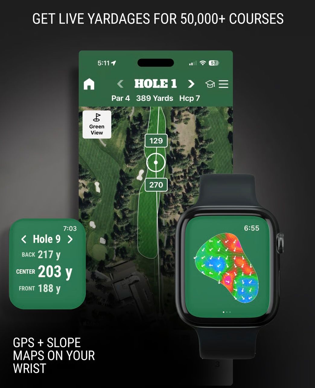 WhyGolf is a newer kid on the block and boasts some incredible features in their app (in addition to their great line of training aids). Their GPS app delivers all the features you want, including precise yardages for 50,000+ courses and detailed slope maps of greens. It even integrates with an Apple Watch. You can even keep track of your swing thoughts.
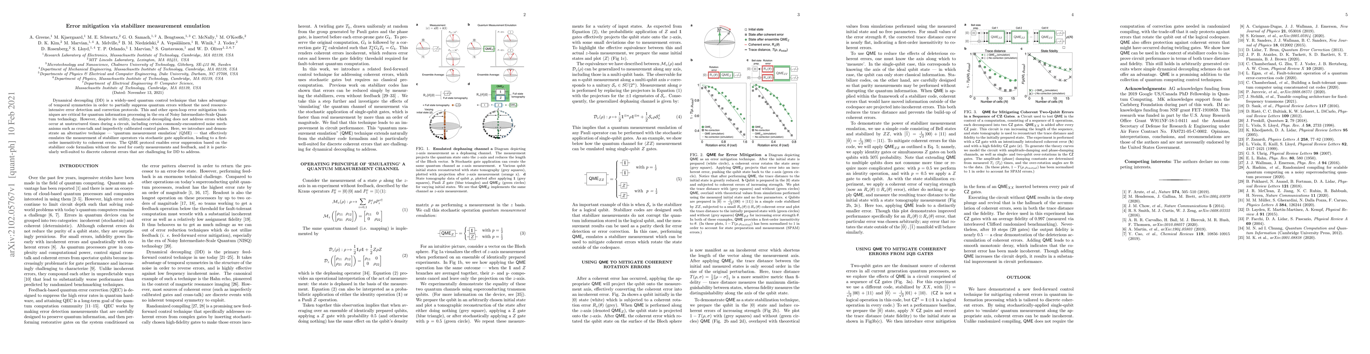 This paper proposes a novel error mitigation technique called quantum measurement emulation (QME) that emulates stabilizer measurements to suppress quantum errors without resource-intensive feedback. Unlike dynamical decoupling, QME effectively addresses unstructured errors, including cross-talk and imperfect control pulses, by leveraging stochastic gate applications.
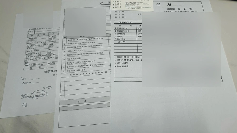그리고 마지막으로 여러 사람들이 함께 하는 작업이기에 중간에 문제가 생길 수도 있고, (우리집은 욕실에서 붙여놓았던 세면대가 떨어지면서, 재시공을 하는 일이 발생하였다. 추가 인건비가 발생하였다...)
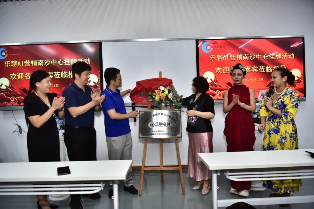 2025 年9 月21 日,乐聊名片品牌官媒南沙服务中心挂牌仪式在南沙大唐工业园优创智谷产业园隆重举行。广州华顺青为信息科技有限责任公司董事长徐孝青向优创集团董事长焦叶红女士进行了授牌仪式,CCTV发现品牌栏目主任、乐聊名片品牌形象大使——著名演员刘九儿、广东省影视文化促进会代表副会长衷文宇、广州市书画艺术协会会长陈惠华等领导嘉宾出席仪式,优创智谷、云米粒、聚秀科技、森蒂菲香氛、巴马水、企商会、三善嘉、花泰红、艺仁文化、易伙伴、十方好货、明星书院、尚股咨询、花阁里等十余家政企负责人和代表近百人共同见证这一产业盛事、见证这一智能销售新科技与南沙数字经济发展深度融合的重要时刻。
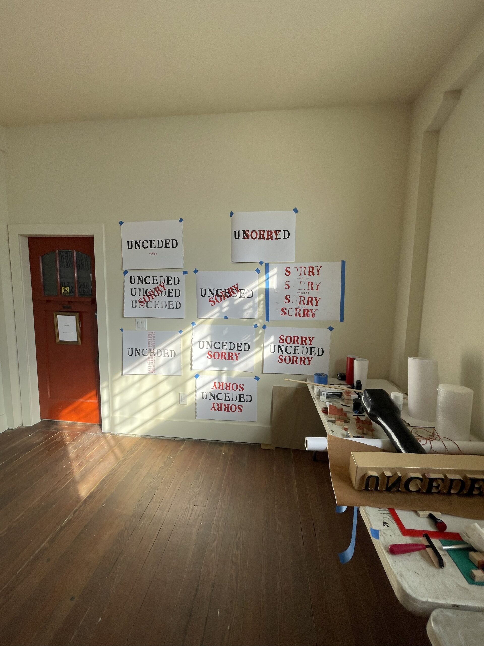 To further investigate the possibilities of this series, I used the maquettes to make relief prints. I used black ink on the Unceded maquette and red ink on the Sorry maquette and combine them in various ways to create prints that represent what I’m expressing through the series. I feel that both the maquettes and the prints offer the opportunity for viewers to reconsider the words, their context, and their histories involving settler governments, relationship, and the treatment of Indigenous people.
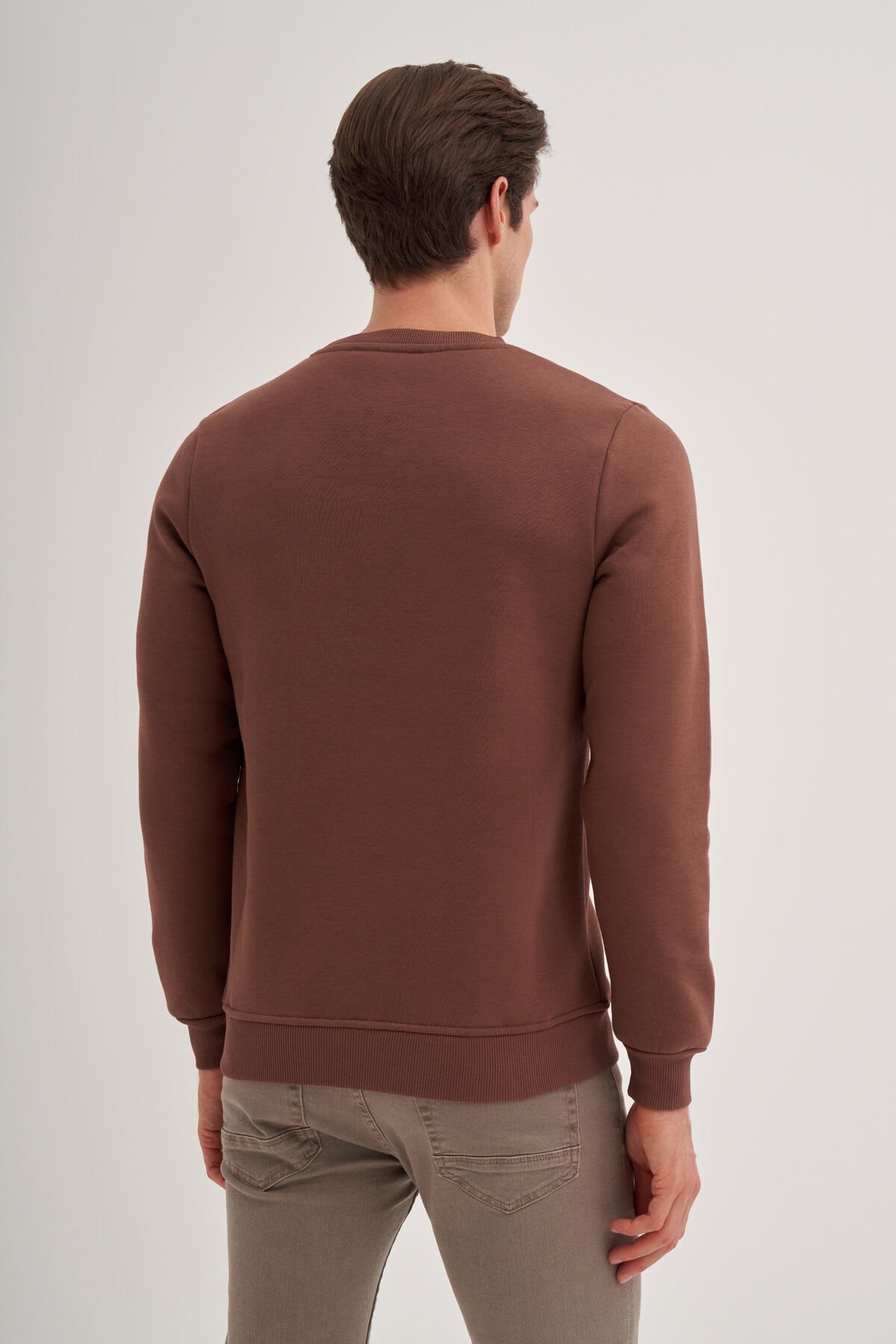 Cazador 24KCEEO05224 Kahverengi Erkek Bisiklet Yaka Önü Yazı Logolu Sweat Tshirt
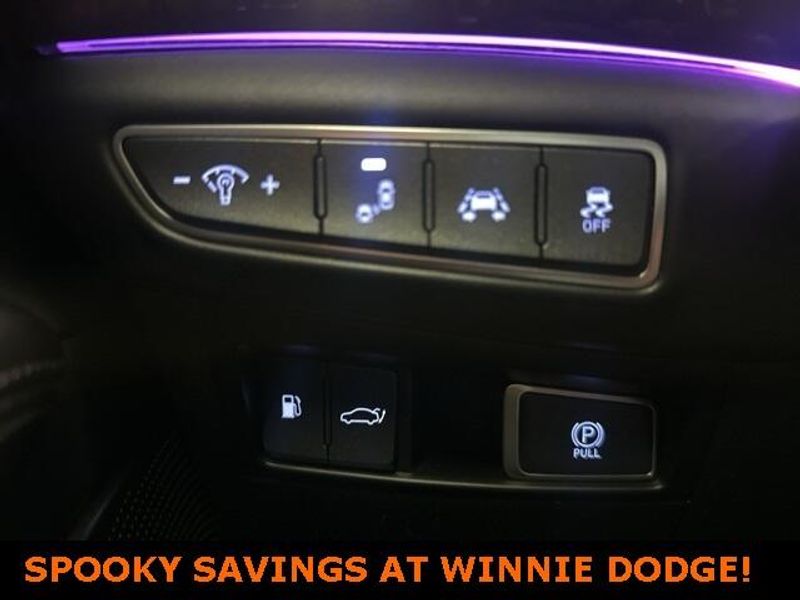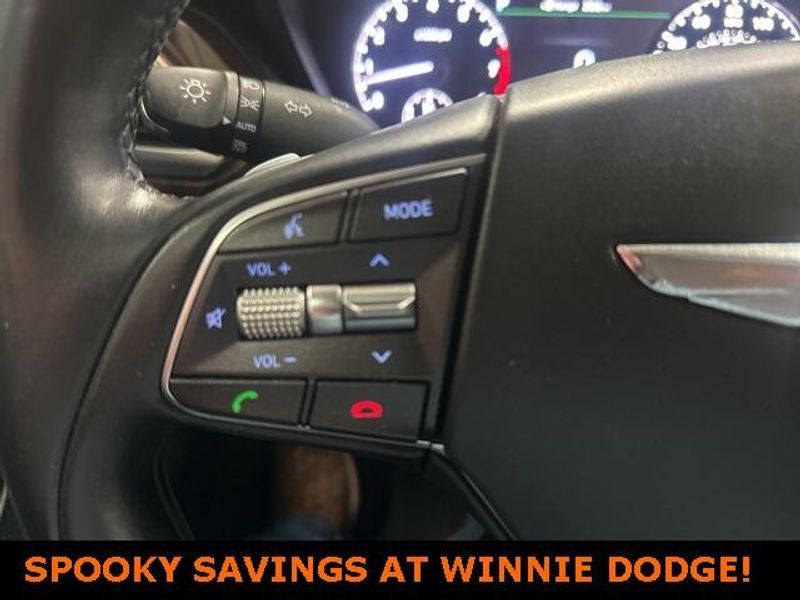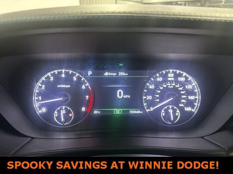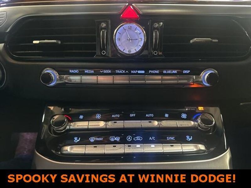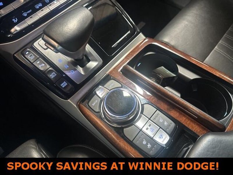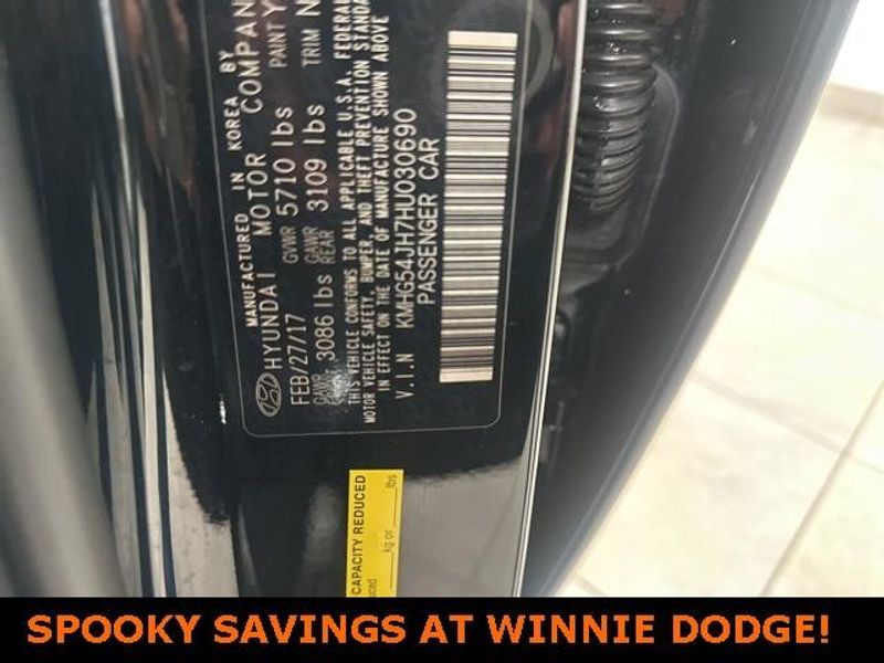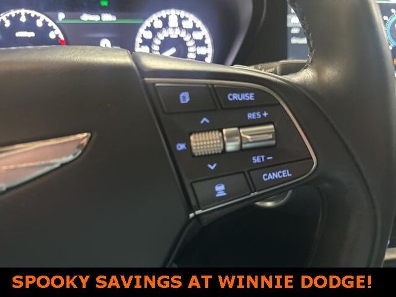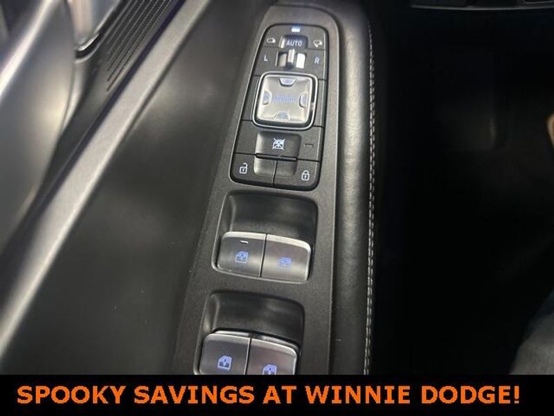 THIS VEHICLE IS EQUIPPED THE FOLLOWING FEATURES AND OPTIONS: Option Group 01, 17 Speakers, 4-Wheel Disc Brakes, ABS brakes, Adaptive suspension, Air Conditioning, Alloy wheels, AM/FM radio: SiriusXM, Auto High-beam Headlights, Auto tilt-away steering wheel, Auto-dimming door mirrors, Auto-dimming Rear-View mirror, Auto-leveling suspension, Automatic temperature control, Bodyside moldings, Brake assist, Bumpers: body-color, Compass, Delay-off headlights, Door auto-latch, Driver door bin, Driver vanity mirror, Dual front impact airbags, Dual front side impact airbags, Electronic Stability Control, Emergency communication system: Genesis Connected Services, Exterior Parking Camera Rear, Four wheel independent suspension, Front anti-roll bar, Front Bucket Seats, Front Center Armrest, Front dual zone A/C, Front fog lights, Front reading lights, Fully automatic headlights, Garage door transmitter: HomeLink, Genuine wood dashboard insert, Genuine wood door panel insert, Head restraints memory, Heads-Up Display, Heated & Vented Front Bucket Seats w/Memory, Heated door mirrors, Heated front seats, Heated rear seats, Heated steering wheel, Illuminated entry, Knee airbag, Leather Shift Knob, Leather steering wheel, Low tire pressure warning, Memory seat, Nappa Leather Seating Surfaces, Navigation System, Occupant sensing airbag, Outside temperature display, Overhead airbag, Overhead console, Panic alarm, Passenger door bin, Passenger vanity mirror, Power adjustable front head restraints, Power adjustable rear head restraints, Power door mirrors, Power driver seat, Power moonroof, Power passenger seat, Power steering, Power windows, Radio: AM/FM/HD/SiriusXM/MP3 Audio System, Rain sensing wipers, Rear air conditioning, Rear anti-roll bar, Rear reading lights, Rear seat center armrest, Rear side impact airbag, Rear Window Blind, Rear window defroster, Remote keyless entry, Security system, Speed control, Speed-sensing steering, Speed-Sensitive Wipers, Steering wheel memory, Steering wheel mounted audio controls, Tachometer, Telescoping steering wheel, Tilt steering wheel, Traction control, Trip computer, Turn signal indicator mirrors, Variably intermittent wipers, Ventilated front seats, Ventilated rear seats, and Wheels: 19 X 8.5J Fr & 19 X 9.5J Rr Chrome Alloy.
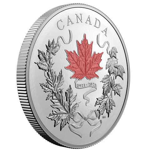 Celebrate the milestone anniversaries of two official symbols of Canada! Your coin’s reverse highlights the 100th anniversary of the national colours of Canada (1921-2021), while the maple design and obverse highlight the 25th anniversary of Canada’s arboreal emblem, the maple (Acer) tree.
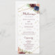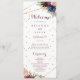 Este programa geométrico de caligrafia de ouro é perfeito para um casamento rústico. O design apresenta uma aquarela desenhada à mão, púrpura, marinho, pincel, burgundy, flores marinhos, folhas verdes e douradas que adornam uma elegante moldura geométrica.

**Your task**: The line containing "Cazador 24KCEEO05224 Kahverengi" marks the end; please output exactly the lines of the listing above from its first line through that line, without pictures.

**Task answer**:
 WhyGolf is a newer kid on the block and boasts some incredible features in their app (in addition to their great line of training aids). Their GPS app delivers all the features you want, including precise yardages for 50,000+ courses and detailed slope maps of greens. It even integrates with an Apple Watch. You can even keep track of your swing thoughts.
 This paper proposes a novel error mitigation technique called quantum measurement emulation (QME) that emulates stabilizer measurements to suppress quantum errors without resource-intensive feedback. Unlike dynamical decoupling, QME effectively addresses unstructured errors, including cross-talk and imperfect control pulses, by leveraging stochastic gate applications.
그리고 마지막으로 여러 사람들이 함께 하는 작업이기에 중간에 문제가 생길 수도 있고, (우리집은 욕실에서 붙여놓았던 세면대가 떨어지면서, 재시공을 하는 일이 발생하였다. 추가 인건비가 발생하였다...)
 2025 年9 月21 日,乐聊名片品牌官媒南沙服务中心挂牌仪式在南沙大唐工业园优创智谷产业园隆重举行。广州华顺青为信息科技有限责任公司董事长徐孝青向优创集团董事长焦叶红女士进行了授牌仪式,CCTV发现品牌栏目主任、乐聊名片品牌形象大使——著名演员刘九儿、广东省影视文化促进会代表副会长衷文宇、广州市书画艺术协会会长陈惠华等领导嘉宾出席仪式,优创智谷、云米粒、聚秀科技、森蒂菲香氛、巴马水、企商会、三善嘉、花泰红、艺仁文化、易伙伴、十方好货、明星书院、尚股咨询、花阁里等十余家政企负责人和代表近百人共同见证这一产业盛事、见证这一智能销售新科技与南沙数字经济发展深度融合的重要时刻。
 To further investigate the possibilities of this series, I used the maquettes to make relief prints. I used black ink on the Unceded maquette and red ink on the Sorry maquette and combine them in various ways to create prints that represent what I’m expressing through the series. I feel that both the maquettes and the prints offer the opportunity for viewers to reconsider the words, their context, and their histories involving settler governments, relationship, and the treatment of Indigenous people.
 Cazador 24KCEEO05224 Kahverengi Erkek Bisiklet Yaka Önü Yazı Logolu Sweat Tshirt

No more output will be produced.